The story so far

Firstly, I must say how metropolitan it makes me feel to be considered part of a north london eurovision collective. Since I live the life of a provincial humbug in Cambridge, the title makes me feel like a ryanair airport. The rustlings of pseudonews regarding semi-quarter-pre-pre-prequalifiers announce that the silly season is about to begin. This is generally bad news for my professional life, home life and personal hygiene as what free moments i can muster shall be spent readjusting whatever frame of reference of musical taste that i ever claimed to have had to listen to 150 ukranian qualifiers for the organisers to choose something that wasn't amongst them in the first place. I'm still bitter about that.

However, certain early birds have caught even me by surprise. From the brink of allowing loca boca choca the to resound forever in our innocent ears as their second and final contribution to our favourite festival of european haute-culture, imminent withdrawl suddenly turned into a national final, with three songs shortlisted that would have got Pat Kenny's formaldehyde imbued toes tapping. Whilst i strongly advocated the return of Zdob si zdub with space cowbow, seasoned performers with a perfect blend of ethnokitsch with just enough of a twist of hip-hop to stand out from the crowd, the moldovans begged to differ and opted for Natalia Barbu, telling us to "fight". Judging by the cut of her, i wouldn't be up for it. After the mortal sin that was that song-that-shall-not-be-named (ok, i already did about 8 lines ago) I braced myself for the worst. However, if "fight" was in the irish final, i would actually have been delighted. It is a decent, well produced, totally unoriginal but very commercial offering which owes more than a few quid to Evanescence. OK, the lyrics are naff and gramatically questionable (Never let nobody in, and step right on your dream) but who's checking?
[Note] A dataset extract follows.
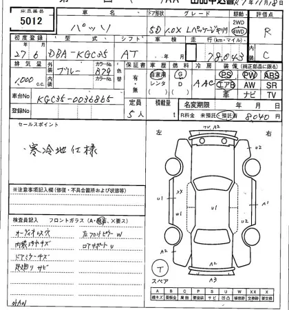 Аукцион SAA Sapporo Дата аукциона 18.11.2025 Год2015 Тип кузоваХэтчбек Номер кузоваKGC35 Объем1000 сс Трансмиссия Автомат Привод FULLTIME4WD Пробег 78 000 км Цветсиний ОценкаR

A favourable draw and good performance could see this qualify.

Albania were pipped at the post by Natalia, but the now traditional early birds still got their song picked and aired (and hung out to dry if the reactions on esctoday are anything to go by) before christmas. It seems a long time since little Anjeza Shahini tottered across their national final stage in silence to announce "menyemenyah" to rapturous applause before treating her audience to the original albanian version of her song, "you are the bum". In contrast, this year's entry seems to have been savaged in most quarters. I actually quite like it, particularly the haweeyawee intro which then gives way to an impassioned, if rather pained performance. It has a earnestness about it which many of todays eurohits (oh what a difference a letter can make) seem to lack, yet diaspora voting aside, i can't see this making the grade for the final. Unless of course, the performers defect to FYR Macedonia; but then again if i represented them by eating my own head live on stage whilst beating a saucepan, i'd be in the eurovision final too.